What this task involves — Transcribe the entries exactly. Omit the pictures.

------------------------------------

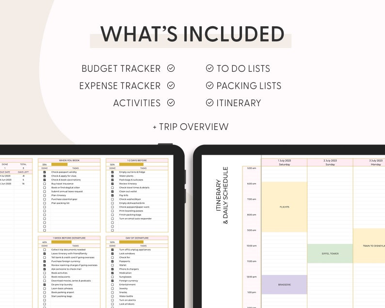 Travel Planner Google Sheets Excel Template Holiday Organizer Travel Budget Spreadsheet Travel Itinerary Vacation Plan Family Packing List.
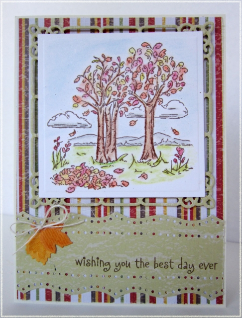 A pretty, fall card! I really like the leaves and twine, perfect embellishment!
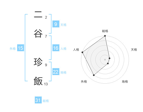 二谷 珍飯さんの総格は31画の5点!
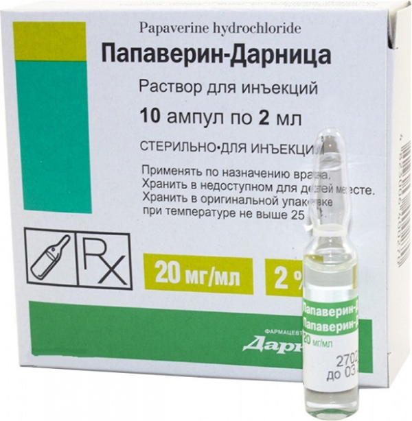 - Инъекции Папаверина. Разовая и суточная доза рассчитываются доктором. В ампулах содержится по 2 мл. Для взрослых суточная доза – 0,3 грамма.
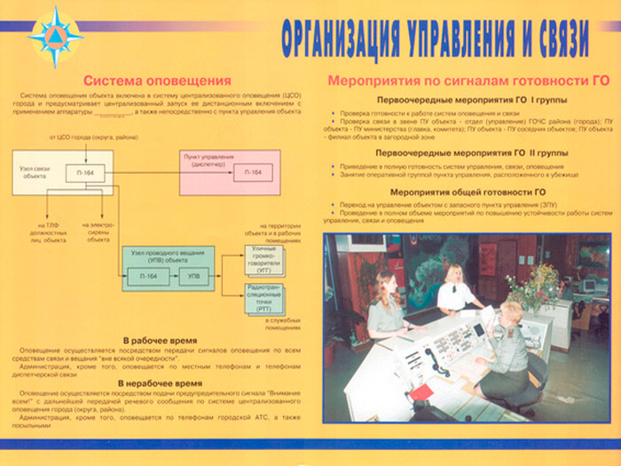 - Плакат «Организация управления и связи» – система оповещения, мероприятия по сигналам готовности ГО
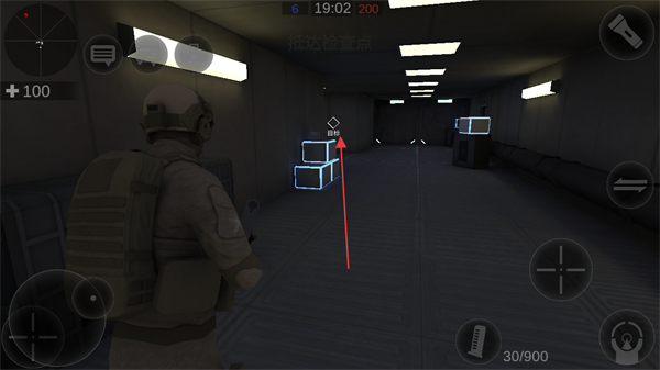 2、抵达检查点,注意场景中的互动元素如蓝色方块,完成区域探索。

------------------------------------

Exercise output —
 Travel Planner Google Sheets Excel Template Holiday Organizer Travel Budget Spreadsheet Travel Itinerary Vacation Plan Family Packing List.
 A pretty, fall card! I really like the leaves and twine, perfect embellishment!
 二谷 珍飯さんの総格は31画の5点!
 - Инъекции Папаверина. Разовая и суточная доза рассчитываются доктором. В ампулах содержится по 2 мл. Для взрослых суточная доза – 0,3 грамма.
 - Плакат «Организация управления и связи» – система оповещения, мероприятия по сигналам готовности ГО
 2、抵达检查点,注意场景中的互动元素如蓝色方块,完成区域探索。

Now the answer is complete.